Ok, so I said I didn’t want to write about my miscarriages. However, this week Mumsnet published the results of its Miscarriage Care Survey showing that the treatment and support women receive following miscarriage is often less than ideal and fails to meet official national guidelines.
Did you know that half of women who miscarry have to wait more than 24 hours for a scan to find out if their baby is still alive, and are treated alongside women with healthy pregnancies? Or that 58% of women wanted counselling after miscarrying, but only 12% were offered it?
In a bid to improve NHS miscarriage care and lessen the trauma of pregnancy loss Mumsnet is calling for the three main political parties to pledge to improve the system, based on its Code of Care, by the end of the next parliament.
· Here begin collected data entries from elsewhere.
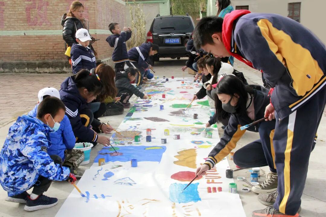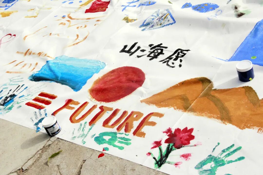 他还走进了北京新东方双语学校“手拉手”小学——王喜洞小学,他看着孩子们小小的、略显孤单的身影,总想起自己少小离家求学的经历,更激起了他对孩子们的怜爱,于是带着老师、学生一起创作出了《我们的明天》长卷,郑重地写下“山海愿”的主题,预示着所爱隔山海,山海皆可平。他说:“我们是不同的个体,可能我们是山川、他们是海洋,但是我们拥有共同的心愿,希望每个人都可以接受良好的教育,都可以走向更加广阔的世界。”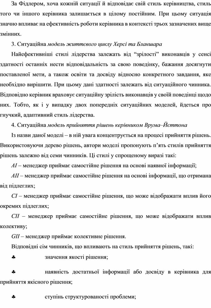 При цьому головними ситуаційними чинниками при виборі стилю керівництва є особистісні якості підлеглих і вимоги та впливи з боку зовнішнього середовища.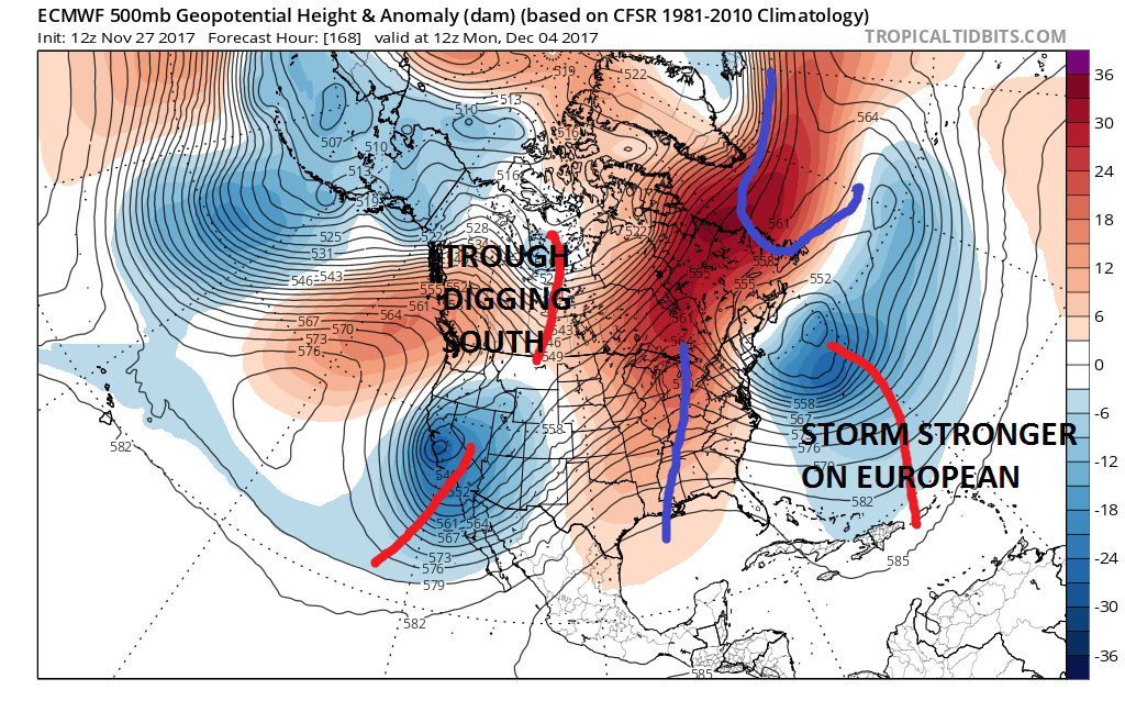 The developing low in the Canadian Maritimes is key here. As that system strengthens it weakens the ridge that attempts to build in the East. In fact models have backed off on the strength of that ridge in response to the stronger storm to the east. We also have a trough in the Rockies which is swinging east as well. The European is a bit different in how it handles the puzzle pieces with a slightly stronger ocean storm in the Maritimes. It also handles the west a bit differently as it separates the southern end of that Rockies trough and drops it southwestward.

Of course achieving this means women like me need to speak out about our experience, or nothing will change. There is no doubt elements of my care were less than ideal, and despite considerable – and unusual – encouragement from Misery Guts I have felt absolutely no desire to blog about it. But if sharing my story means another woman doesn’t have to face what I did, I will.
So here goes:
When, at eight weeks pregnant in June 2013, I started bleeding it was more than 24 hours before I could have a scan to determine what was happening because the Early Pregnancy Assessment Unit was only open part-time. In the meantime, not knowing whether my baby was alive or dead and totally unprepared for what was going to happen, I lost my baby in the bath at home.
Mumsnet’s Code of Care is calling for better access to scanning facilities including Early Pregnancy Assessment Units open seven days a week.
The following day, knowing I had miscarried, I was forced to walk past a bright and airy ante-natal waiting room where heavily pregnant women awaiting the safe arrival of their babies were rubbing their pregnant bellies to get to the Early Pregnancy Assessment Unit. To add salt to the wound, in contrast to the ante-natal waiting area the unit was a tiny, drab, windowless ‘room’ with insufficient seating where patients were forced to stand.
Mumsnet’s Code of Care is calling for appropriate places of treatment for miscarrying mums, separated from women having routine ante-natal and post-natal care.
When I told the nurse prior to my scan what had happened in the bath the night before, she told me: “It’s best like that.”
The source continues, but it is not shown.